AI-assisted reverse engineering has collapsed the time to understand commercial EDR internals from weeks of expert work to days of automated analysis. TrustedSec demonstrated this against five major products and found nearly identical architectural patterns, meaning bypass techniques can now be refreshed in days. The defensive premise that the agent is too costly to understand no longer holds for a growing share of attackers.
Where should detection investment shift if the endpoint is no longer load-bearing?
Reweight toward identity, network telemetry, and behavioral analytics above the endpoint — controls that don't depend on the agent staying opaque. Microsoft's MDASH approach of coordinated AI agents for vulnerability discovery points to AI-versus-AI defense as the only posture that scales against AI-speed offense. Endpoint agent renewals as the primary detection line item were budgeted for last quarter's threat surface.
How should patch SLAs change given current exploit windows?
Critical-vulnerability SLAs for internet-facing assets should move from 30 days to 72 hours. A PraisonAI vulnerability was weaponized within four hours of disclosure, which means traditional monthly patch cycles operate in a known state of exploitability. The attacker's cycle has compressed; the defender's has not.
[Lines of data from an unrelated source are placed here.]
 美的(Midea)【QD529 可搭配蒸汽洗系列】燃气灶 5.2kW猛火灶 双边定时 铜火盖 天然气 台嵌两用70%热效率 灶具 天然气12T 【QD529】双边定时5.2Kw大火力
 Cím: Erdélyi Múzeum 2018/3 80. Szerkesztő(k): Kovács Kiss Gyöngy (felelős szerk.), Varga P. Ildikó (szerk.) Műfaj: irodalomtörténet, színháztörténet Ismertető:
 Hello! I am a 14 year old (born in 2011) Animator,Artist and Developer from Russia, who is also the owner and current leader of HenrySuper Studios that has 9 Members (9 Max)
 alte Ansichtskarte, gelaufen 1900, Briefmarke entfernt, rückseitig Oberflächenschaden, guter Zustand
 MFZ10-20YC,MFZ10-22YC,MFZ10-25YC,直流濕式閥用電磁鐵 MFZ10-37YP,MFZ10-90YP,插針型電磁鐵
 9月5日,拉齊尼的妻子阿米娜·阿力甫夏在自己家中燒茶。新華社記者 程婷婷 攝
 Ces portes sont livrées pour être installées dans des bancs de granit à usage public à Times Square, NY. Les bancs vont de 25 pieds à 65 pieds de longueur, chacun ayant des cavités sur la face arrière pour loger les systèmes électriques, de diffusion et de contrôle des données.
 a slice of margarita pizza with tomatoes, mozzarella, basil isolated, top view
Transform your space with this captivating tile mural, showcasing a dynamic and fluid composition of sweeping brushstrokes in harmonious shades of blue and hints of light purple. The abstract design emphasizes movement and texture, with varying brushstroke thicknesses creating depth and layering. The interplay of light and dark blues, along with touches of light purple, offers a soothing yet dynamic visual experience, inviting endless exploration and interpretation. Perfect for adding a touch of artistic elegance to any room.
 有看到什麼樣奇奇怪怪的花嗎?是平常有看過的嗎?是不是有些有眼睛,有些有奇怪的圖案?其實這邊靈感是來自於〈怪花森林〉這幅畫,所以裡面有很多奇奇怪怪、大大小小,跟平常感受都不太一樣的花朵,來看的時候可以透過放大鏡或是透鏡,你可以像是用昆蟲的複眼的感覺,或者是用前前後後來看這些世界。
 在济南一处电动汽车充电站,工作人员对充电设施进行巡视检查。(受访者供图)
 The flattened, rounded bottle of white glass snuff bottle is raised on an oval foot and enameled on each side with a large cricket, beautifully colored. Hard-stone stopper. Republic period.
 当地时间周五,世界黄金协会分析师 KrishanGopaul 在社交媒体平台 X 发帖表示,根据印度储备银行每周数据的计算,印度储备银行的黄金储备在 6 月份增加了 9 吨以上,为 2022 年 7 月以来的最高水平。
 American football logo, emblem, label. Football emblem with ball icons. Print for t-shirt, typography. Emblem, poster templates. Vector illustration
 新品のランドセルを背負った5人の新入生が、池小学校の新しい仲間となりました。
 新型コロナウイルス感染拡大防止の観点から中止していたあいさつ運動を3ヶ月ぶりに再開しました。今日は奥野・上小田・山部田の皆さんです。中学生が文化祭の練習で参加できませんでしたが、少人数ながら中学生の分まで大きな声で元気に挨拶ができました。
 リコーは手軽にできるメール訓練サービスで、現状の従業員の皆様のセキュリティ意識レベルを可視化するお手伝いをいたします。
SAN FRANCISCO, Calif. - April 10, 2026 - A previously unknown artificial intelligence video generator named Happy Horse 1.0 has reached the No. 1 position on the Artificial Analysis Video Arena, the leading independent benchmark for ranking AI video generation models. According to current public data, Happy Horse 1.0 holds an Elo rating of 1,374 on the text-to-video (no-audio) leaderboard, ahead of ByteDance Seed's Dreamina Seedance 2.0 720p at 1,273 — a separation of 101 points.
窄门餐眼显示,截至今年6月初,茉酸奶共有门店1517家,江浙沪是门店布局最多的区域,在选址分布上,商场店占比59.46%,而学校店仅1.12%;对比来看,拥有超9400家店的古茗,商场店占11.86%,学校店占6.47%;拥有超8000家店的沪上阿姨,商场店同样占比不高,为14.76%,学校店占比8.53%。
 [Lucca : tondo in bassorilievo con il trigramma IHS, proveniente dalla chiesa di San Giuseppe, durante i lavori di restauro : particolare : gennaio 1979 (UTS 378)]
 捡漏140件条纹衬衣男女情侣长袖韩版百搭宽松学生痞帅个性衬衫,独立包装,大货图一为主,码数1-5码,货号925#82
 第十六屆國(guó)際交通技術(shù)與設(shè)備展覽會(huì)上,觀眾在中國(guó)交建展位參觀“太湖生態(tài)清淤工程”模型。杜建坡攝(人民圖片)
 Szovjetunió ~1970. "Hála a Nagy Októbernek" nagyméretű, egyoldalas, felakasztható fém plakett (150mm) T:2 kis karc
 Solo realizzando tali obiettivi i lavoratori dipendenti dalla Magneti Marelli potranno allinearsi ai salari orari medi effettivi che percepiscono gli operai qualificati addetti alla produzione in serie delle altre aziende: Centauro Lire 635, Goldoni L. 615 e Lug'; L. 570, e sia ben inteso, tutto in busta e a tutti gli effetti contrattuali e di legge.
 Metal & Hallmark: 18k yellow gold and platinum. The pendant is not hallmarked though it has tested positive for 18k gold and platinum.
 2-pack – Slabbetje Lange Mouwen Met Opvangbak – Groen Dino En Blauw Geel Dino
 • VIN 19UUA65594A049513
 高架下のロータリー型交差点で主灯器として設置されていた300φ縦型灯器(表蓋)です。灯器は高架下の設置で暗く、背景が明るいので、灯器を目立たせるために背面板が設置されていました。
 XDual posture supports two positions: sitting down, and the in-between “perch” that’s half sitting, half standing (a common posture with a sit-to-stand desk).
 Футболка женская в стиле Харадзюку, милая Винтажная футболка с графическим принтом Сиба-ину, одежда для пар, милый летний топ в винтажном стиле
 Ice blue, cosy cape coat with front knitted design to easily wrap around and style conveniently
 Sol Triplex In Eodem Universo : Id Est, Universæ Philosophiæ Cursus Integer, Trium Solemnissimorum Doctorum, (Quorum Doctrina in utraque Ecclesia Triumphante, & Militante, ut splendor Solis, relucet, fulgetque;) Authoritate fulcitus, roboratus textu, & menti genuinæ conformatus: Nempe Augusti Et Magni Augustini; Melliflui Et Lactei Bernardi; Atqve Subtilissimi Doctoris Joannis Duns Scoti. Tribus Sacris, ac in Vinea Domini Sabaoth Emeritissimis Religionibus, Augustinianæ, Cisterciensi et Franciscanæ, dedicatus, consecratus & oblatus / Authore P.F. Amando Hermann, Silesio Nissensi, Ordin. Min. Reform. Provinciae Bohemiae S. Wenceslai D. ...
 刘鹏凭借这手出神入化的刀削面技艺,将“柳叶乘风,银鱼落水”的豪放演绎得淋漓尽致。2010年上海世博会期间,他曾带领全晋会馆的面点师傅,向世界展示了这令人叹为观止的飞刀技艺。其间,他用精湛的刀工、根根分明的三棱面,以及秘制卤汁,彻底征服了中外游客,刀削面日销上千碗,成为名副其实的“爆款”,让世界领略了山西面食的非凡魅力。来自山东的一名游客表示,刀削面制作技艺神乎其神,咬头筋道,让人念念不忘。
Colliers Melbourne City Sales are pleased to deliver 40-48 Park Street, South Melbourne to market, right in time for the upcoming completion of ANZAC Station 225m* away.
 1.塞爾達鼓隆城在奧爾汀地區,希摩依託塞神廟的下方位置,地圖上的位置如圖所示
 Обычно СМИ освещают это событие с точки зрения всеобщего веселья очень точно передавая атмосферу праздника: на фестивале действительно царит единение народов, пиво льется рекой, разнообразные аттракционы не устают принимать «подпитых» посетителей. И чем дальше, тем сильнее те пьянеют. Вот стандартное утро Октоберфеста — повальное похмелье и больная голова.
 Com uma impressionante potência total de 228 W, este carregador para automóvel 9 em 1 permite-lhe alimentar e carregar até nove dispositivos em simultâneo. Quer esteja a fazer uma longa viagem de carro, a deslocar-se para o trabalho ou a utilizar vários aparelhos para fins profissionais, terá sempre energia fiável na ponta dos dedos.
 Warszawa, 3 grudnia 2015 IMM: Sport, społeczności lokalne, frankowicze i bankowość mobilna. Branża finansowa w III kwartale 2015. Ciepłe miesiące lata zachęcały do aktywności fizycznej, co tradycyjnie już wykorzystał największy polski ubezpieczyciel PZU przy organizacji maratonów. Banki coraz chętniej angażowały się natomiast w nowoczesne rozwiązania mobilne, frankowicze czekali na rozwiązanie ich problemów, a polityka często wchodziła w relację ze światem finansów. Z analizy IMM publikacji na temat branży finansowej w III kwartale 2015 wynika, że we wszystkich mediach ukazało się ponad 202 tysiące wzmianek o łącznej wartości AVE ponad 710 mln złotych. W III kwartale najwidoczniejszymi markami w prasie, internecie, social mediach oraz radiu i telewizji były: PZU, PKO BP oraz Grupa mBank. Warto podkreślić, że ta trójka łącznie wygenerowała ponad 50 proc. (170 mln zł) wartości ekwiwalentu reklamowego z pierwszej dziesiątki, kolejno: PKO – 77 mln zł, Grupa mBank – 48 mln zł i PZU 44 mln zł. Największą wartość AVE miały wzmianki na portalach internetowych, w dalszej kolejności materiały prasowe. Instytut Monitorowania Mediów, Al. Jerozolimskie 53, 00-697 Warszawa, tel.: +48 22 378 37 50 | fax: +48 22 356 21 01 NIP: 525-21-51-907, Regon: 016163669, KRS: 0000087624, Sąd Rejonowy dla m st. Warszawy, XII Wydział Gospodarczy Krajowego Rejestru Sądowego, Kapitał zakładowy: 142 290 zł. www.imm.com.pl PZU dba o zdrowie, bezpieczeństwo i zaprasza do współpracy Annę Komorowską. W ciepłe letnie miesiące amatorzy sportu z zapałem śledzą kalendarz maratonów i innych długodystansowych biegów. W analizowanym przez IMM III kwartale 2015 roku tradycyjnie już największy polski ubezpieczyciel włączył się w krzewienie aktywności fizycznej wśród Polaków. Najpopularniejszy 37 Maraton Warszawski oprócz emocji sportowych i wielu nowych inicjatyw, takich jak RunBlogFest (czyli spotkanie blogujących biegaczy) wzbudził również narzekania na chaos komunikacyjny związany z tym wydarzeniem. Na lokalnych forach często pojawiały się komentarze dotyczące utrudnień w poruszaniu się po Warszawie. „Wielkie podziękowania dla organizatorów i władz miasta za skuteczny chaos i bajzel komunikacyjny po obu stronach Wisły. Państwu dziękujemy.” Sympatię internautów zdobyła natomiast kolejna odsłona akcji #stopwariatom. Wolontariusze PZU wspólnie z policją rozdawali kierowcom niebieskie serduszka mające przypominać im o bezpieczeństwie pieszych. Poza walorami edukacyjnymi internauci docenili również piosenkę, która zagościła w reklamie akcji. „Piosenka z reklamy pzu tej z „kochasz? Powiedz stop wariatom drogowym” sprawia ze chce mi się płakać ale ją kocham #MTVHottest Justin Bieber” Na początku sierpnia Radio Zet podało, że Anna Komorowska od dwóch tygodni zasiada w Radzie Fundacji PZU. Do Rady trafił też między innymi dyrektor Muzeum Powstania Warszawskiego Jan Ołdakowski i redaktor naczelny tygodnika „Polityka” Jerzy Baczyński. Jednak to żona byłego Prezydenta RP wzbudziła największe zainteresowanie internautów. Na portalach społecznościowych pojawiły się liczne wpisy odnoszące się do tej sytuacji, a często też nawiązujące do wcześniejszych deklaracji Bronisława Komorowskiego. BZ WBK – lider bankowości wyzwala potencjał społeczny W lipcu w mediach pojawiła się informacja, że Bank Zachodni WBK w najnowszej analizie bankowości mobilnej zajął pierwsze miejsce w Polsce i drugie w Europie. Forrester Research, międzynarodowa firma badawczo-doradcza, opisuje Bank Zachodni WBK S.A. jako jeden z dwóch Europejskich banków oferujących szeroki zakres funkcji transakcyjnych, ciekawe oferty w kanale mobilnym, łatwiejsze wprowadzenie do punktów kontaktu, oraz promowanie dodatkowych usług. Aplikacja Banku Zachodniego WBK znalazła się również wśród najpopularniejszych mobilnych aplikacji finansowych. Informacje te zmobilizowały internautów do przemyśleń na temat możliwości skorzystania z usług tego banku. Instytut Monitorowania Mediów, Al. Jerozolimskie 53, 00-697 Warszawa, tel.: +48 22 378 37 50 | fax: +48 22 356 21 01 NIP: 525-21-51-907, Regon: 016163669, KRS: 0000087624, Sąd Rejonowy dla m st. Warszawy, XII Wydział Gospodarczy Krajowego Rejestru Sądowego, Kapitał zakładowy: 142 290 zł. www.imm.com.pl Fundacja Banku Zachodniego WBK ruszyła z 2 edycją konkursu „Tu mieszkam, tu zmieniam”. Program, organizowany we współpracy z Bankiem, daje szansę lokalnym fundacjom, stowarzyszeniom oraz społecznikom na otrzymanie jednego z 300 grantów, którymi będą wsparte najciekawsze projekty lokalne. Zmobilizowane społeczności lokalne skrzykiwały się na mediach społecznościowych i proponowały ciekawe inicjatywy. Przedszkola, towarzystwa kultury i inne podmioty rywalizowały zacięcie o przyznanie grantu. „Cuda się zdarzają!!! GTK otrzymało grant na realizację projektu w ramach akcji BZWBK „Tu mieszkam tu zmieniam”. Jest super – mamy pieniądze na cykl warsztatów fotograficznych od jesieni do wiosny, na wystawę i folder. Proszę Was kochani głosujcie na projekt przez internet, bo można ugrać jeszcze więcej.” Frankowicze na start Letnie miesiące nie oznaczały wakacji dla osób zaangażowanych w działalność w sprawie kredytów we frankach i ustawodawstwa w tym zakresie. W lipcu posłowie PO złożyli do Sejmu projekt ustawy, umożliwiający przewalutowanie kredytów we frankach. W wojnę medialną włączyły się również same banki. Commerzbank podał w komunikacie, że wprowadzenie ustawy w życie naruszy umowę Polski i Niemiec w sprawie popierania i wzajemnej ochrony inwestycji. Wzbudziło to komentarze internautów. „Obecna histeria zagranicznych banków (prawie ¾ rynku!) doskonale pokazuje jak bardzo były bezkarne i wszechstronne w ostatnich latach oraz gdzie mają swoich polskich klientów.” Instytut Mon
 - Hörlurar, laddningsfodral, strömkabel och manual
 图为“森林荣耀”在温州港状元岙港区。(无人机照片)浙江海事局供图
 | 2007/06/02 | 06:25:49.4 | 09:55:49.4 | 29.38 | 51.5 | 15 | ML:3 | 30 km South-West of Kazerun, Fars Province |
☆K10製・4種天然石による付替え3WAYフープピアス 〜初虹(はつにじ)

What does the ServiceNow Anthropic budget overrun signal about enterprise AI economics?
It signals that AI consumption is structurally outrunning governance across the enterprise market, not that one vendor mispriced. Anthropic grew 80x against a planned 10x, ran without SLAs or usage telemetry, and silently degraded service while invoices cleared. True program cost typically lands at 3-5x model fees once forward-deployed engineering is included, a denominator most board-approved envelopes don't yet use.
What is the strategic risk in the agent orchestration layer over the next 12-18 months?
Platforms risk being routed around rather than disrupted — agents that mediate user intent migrate discovery, pricing power, and the customer relationship one layer up. ServiceNow is betting on open MCP interop while SAP is building a proprietary Knowledge Graph moat, and a16z estimates roughly $150B of GTM value is shifting toward the orchestration layer. After the window closes, non-instrumented platforms become commodity infrastructure underneath someone else's agent.